Happy New Year!
Here at Where We Live, the staff have made a few “resolutions”: Tucker has vowed to not trim his beard once in 2012. Dankosky is branching out to start a hip clothing line for “working professionals” (Lots of tweed jackets/sweater vest combos.) And I hope to reach my life-long goal of making it on Hartford.com’s list of “25 Connecticut Twitter Users you Should be Following.” (@Scuttlebuttt, ahem)
Oh, and of course we’ll continue to bring you the best radio shows every single day. Here’s what’s coming up:
MONDAY: New Years Special
Majora Carter’s The Promised Land Episode 2: Farm-to-Plate Innovator — Cheryl Rogowski
Where does our food come from?
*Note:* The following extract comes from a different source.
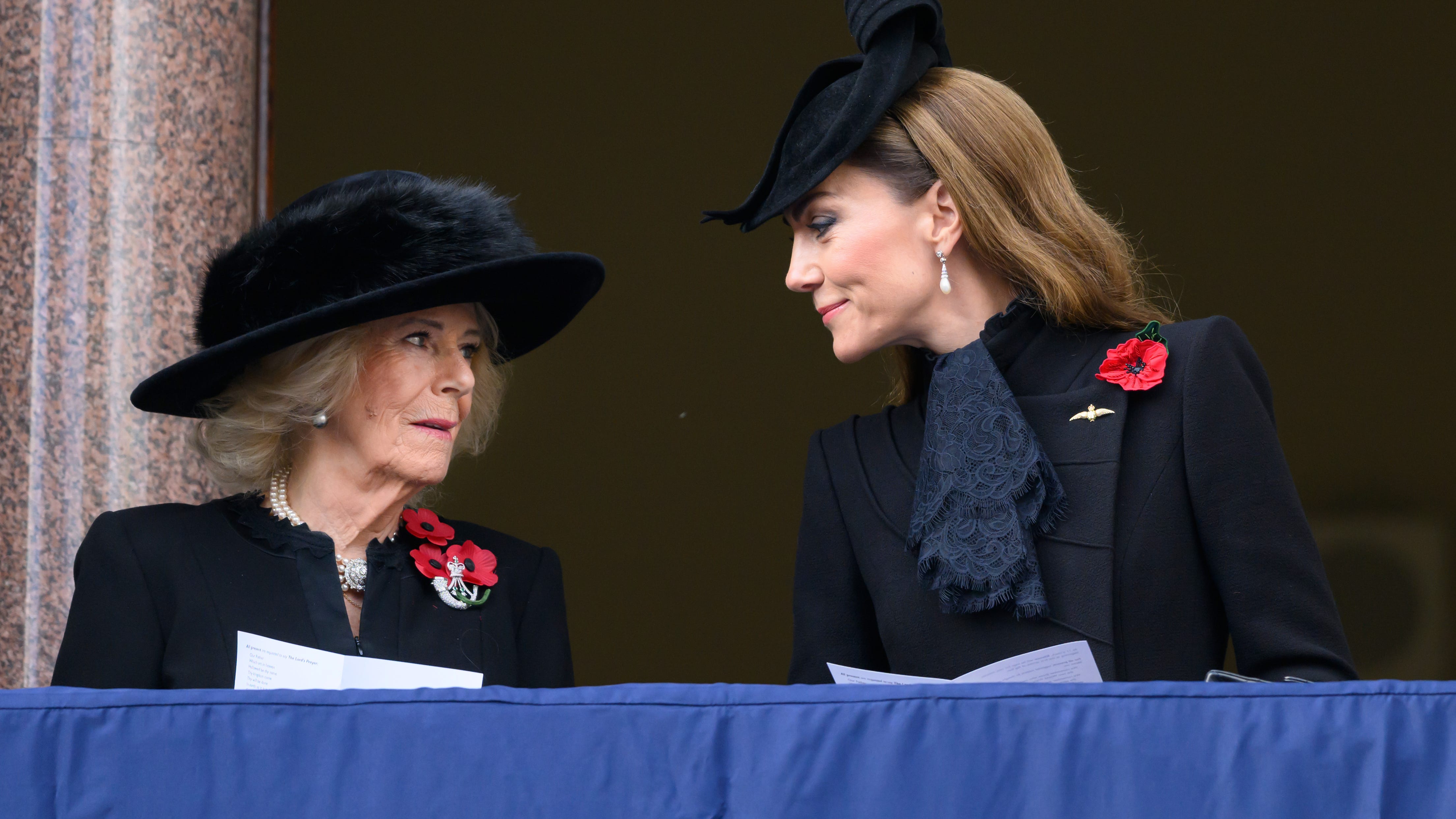 Di sisinya, Ratu Camilla tampil serasi dengan topi hitam miliknya sendiri, meski ia memilih model bertepi lebar dengan detail bulu. Ia memadukannya dengan kalung mutiara mencolok dan anting senada, serta mengenakan mantel beritsleting yang dirancang dengan bahu tegas dan kerah bergerigi. Sama seperti Putri Kate, ia juga menghiasi luaran tersebut dengan bunga poppy, dan keduanya tampak sangat selaras dalam penampilan mereka.
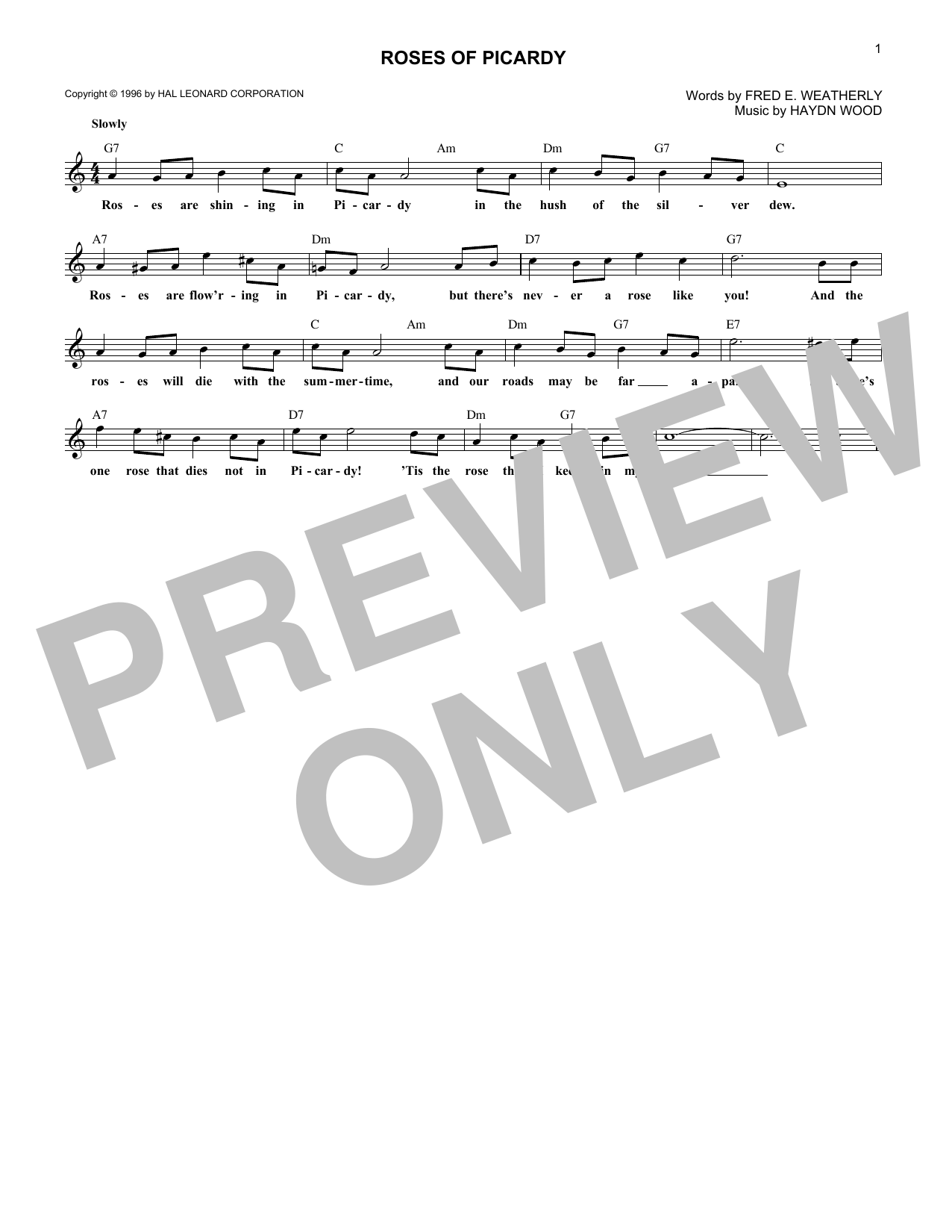 Download or print Fred E. Weatherly Roses Of Picardy sheet music, chords and digital score arranged for Lead Sheet / Fake Book. This Jazz score includes 1 page(s).

Since we pay close attention to so many aspects of food in the holiday season, host Majora Carter visits the northern reaches of the New York metropolitan area, where Cheryl Rogowski, a fourth-generation farmer, grows 200 varieties of fruits and vegetables. In 2004, Cheryl became the first farmer to receive a MacArthur Fellowship. She was honored for her innovative approach to agricultural programs and for reimagining and reinvigorating the American family farm. Farming in the 21st century encompasses agricultural work but also addresses community, social, civic and education needs. “It’s not enough to just ride a tractor today,” states Rogowski. She will give us a tour of her farm, and we’ll hear from people she works with in the many programs she has created — from mentoring migrant farmers to creating low-cost CSAs for senior citizens, from supplying food for soup kitchens to helping with innovative sustainable farming programs in local communities.
TUESDAY: I Do?
About half of all adults in the United States are currently married. This is a record low, according to a new Pew Research Center study. If current trends continue, the share of adults who are currently married will drop to below half within a few years. Despite this trend, the decline is far less for adults with college educations than among the less educated. If marriage is becoming more concentrated among the more affluent and educated, what does this mean for future generations? Coming up, we’ll look at the issue and what it looks like here in Connecticut?
WEDNESDAY: Where’s the Beef?
In 2010, Americans consumed 26.4 billion pounds of beef. Like many things, not all beef is the same. We’ll speak with the owner of a Connecticut beef farm who was feeding his cattle grass before it was popular. We’ll also discuss the impact of droughts and government regulations on the beef industry as a whole. A recent Texas drought reduced the cattle population by 600,000 in that state and the FDA relaxed antibiotic regulations in beef.
THURSDAY: Cable TV
Today it’s a look at cable companies in Connecticut. A new UMASS study says despite the bad economy, the cable industry added jobs and generated almost a billion and a half dollars in economic activity in 2010. We’ll look at how the cable companies operate in the state – where customers have very little choice on price and provider. And what’s the future for cable TV? We’ll find out.
FRIDAY: Just Checking-In
We’re really checking in on some recent shows, including our fracking and natural gas show from August. Environmental reporter Nick Kusnetz will once again join us for the latest in the fracking debate from Canada to the States. And what’s happening with Hartford’s rebranding campaign?